The MEK started training him as a cult member since he was four years old.
“We used to march in front of the portraits of the so-called martyrs of the organization. We were so manipulated that I did not miss my mother at all,”
Yaser Ezati told Mehr News Agency.
His father was a high ranking member of the MEK and his mother was killed in the MEK’s deadly military operation against Iran “Forough Javidan”. Yaser was then sent to Germany together with hundreds of children of the MEK members in 1991. From there, he was transferred to Canada. He lived a challenging life with a number of MEK sympathizers in Germany and Canada.

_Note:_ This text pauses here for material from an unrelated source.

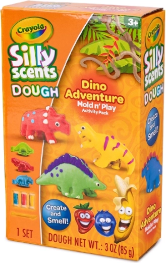 Discover a fun set for little creators: Crayola Scented Modeling Compound includes 3 scented modeling clays of 28 g each in bright colors and dinosaur-themed cutters. Ideal for developing creativity, fine motor skills, and sensory perception for children aged 3 and up. A practical box makes storage and transport easy.

In just one of his traumatic life experiences with MEK sympathizers, he recalls Forough, the mother of Neda Hassani – the 17-year-old girl that set herself on fire to protest the arrest of Maryam Rajavi by the French Police in June 2003. Yaser lived in Forough’s house in Canada for a period of time. He writes of Forough’s aggressive behavior against him:
“One morning in the winter, I missed the school bus. I got back home to tell Forough that I would take the next bus to school. All of a sudden, she stood up and grabbed me by collar and pulled me on the flour toward the garage where she started beating me. She kicked and bit me so awfully that I was not able to stand on my feet. At the time I was thirteen years old and Forough used to attack me at the slightest pretext.”
Yaser was returned to Camp Ashraf, Iraq a few years later in order to receive systematic organizational and military training. “The MEK forced me to stay in Iraq for seven years, I was kept in solitary confinement for fourteen months before I could leave the group,” he told MNA.
When he first asked to leave the group, they showed him a testament allegedly written by his mother in which it was written: “You should take a gun and follow my path”.
“Whenever I missed my family, may father would kick me in response”, he recounts.